С одной стороны, мысли и чувства женщин среднего возраста действительно воспринимаются необъективно, потому что мы больше не похожи на себя в молодости. С другой – те из нас, кто больше не обладает такими качествами, как женственность, фертильность и желанность, действительно видят мир иначе, ведь наши отношения с этим миром меняются, когда меняется наше место в нем. Поэтому для тех, кто хочет сохранить статус-кво, очень важно воспользоваться красотой так, чтобы не позволить женщинам доверять друг другу. Из-за этого мы не прислушаемся к мудрости женщин старшего возраста, которую они обрели, будучи уже не Белоснежкой, а Злой Королевой. Опыт, изменивший их мировоззрение, должен был помочь нам, но вместо этого используется против нас.

Вот пример: летом 2021 г. газеты радостно сообщили, что главные онлайн-тролли – женщины средних лет. Но это неправда. Очевидно, что для виртуального мира, где в качестве мести публикуют интимные фото, затравливают подростков до того, что они совершают самоубийство, а также «сливают» адреса жертв, чтобы спровоцировать физическую расправу над той же Джоан Роулинг, кривляния женщин вроде меня представляются довольно безобидными. Зато, как оказалось, мы (возможно, чаще, чем остальные) отпускаем нелестные комментарии о жизни некоторых инфлюэнсеров в соцсетях. Конечно, в газетах был сделан вывод, что мы озлоблены из-за своей угасающей красоты. В газете The Telegraph можно было встретить цитату вышедшего на пенсию психотерапевта, доктора Шери Джейкобсон: «В определенный момент женщины понимают, что их молодость уже не вернется, поэтому, когда блогеры пропагандируют недоступный для них стиль жизни, это может вызвать их зависть». Эстер Уолкер в своей колонке для inews старается рассмотреть тот же вопрос с позиций самоанализа: «Конечно, я в молодости тоже могла думать о людях плохо, но молодость меня утешала – упругая кожа, свежие глаза. […] Секрет в том, чтобы понять, что плохие мысли исходят изнутри, а не извне. […] Ваша злоба – просто побочный продукт обратного взросления». Ее посыл очень напоминает центральную идею «Белоснежки и Охотника»: «Дамы, не будьте ведьмами с зеркальцем, плетущими интриги против Кристен Стюарт!»
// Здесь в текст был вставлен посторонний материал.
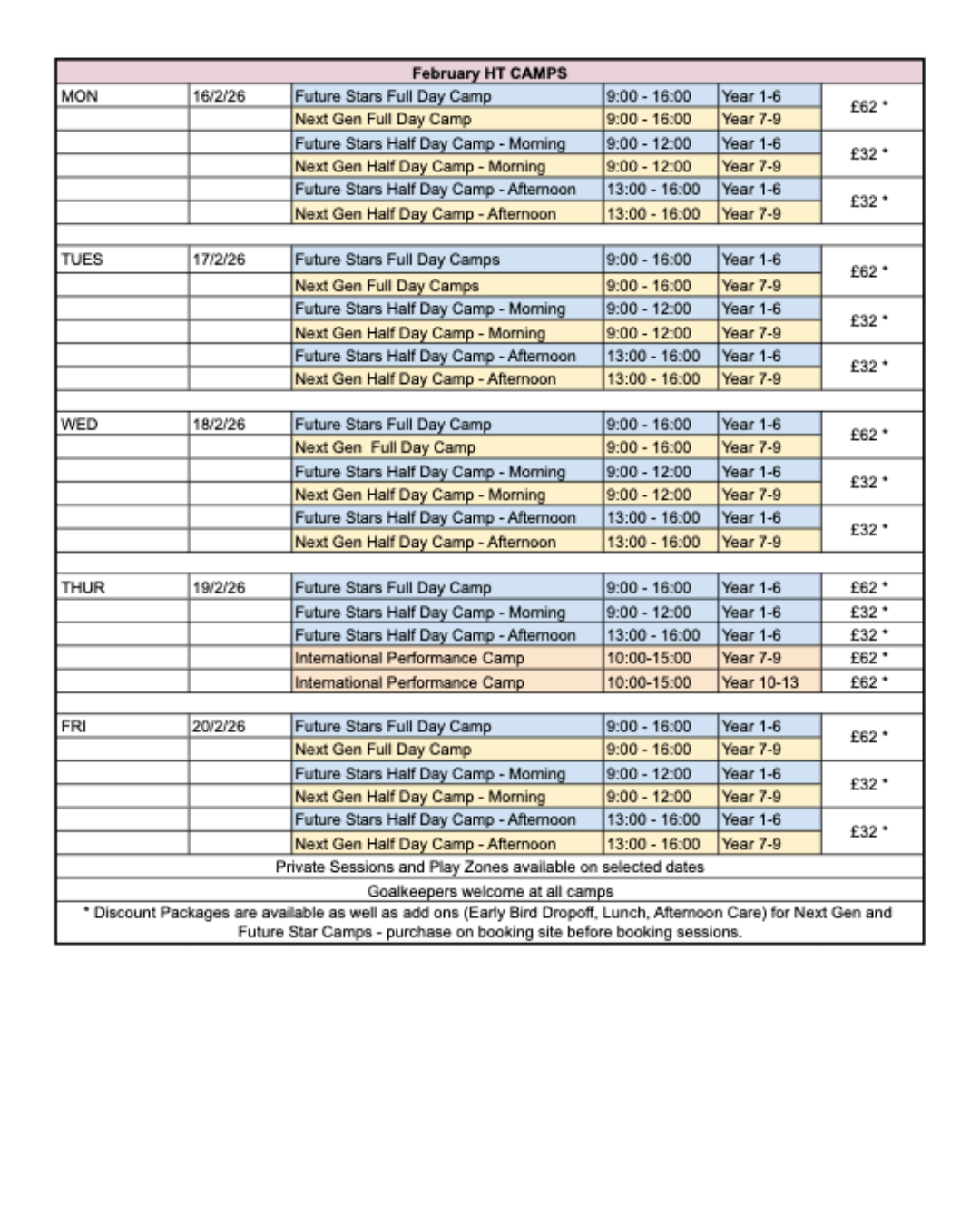 - Technical & Specialist Camps to help develop skills and techniques with specialist guidance

В социальных сетях не меньше, чем в сказках, актуальна вера в то, что женщины среднего возраста в ответ на изгнание с патриархального «мясного рынка» становятся озлобленными ведьмами, нацеленными на уничтожение молодых девушек. Если бы только эти мерзкие завистливые коровы заткнулись и тихо наслаждались [своими] обвисшими грудями и менопаузой! Конечно, свалить все на «зависть» очень легко, ведь это позволяет не замечать настоящий побочный эффект нашего изгнания с «мясного рынка»: мы и сами перестаем воспринимать себя как «мясо». Когда тебе всю жизнь говорят, что женщина перестает существовать, как только ее «ценность» падает, каково же вдруг увидеть, что жизнь продолжается! Как пишет Уолкер, «это трудный переход, но он позволяет женщине раскрыться: стать полноценным человеком, ранее спрятанным под слоями искусственности, цельной личностью, которую нельзя заставить исчезнуть, как бы ее ни игнорировали». Мы видим, что обратная сторона «потери рыночной стоимости» – возникновение условий, в которых тебе нечего больше терять, если ты откажешься играть по правилам рынка. С точки зрения главных поборников этих правил, такой отказ делает женщин среднего возраста опасными, способными сбить молодых с их истинного пути.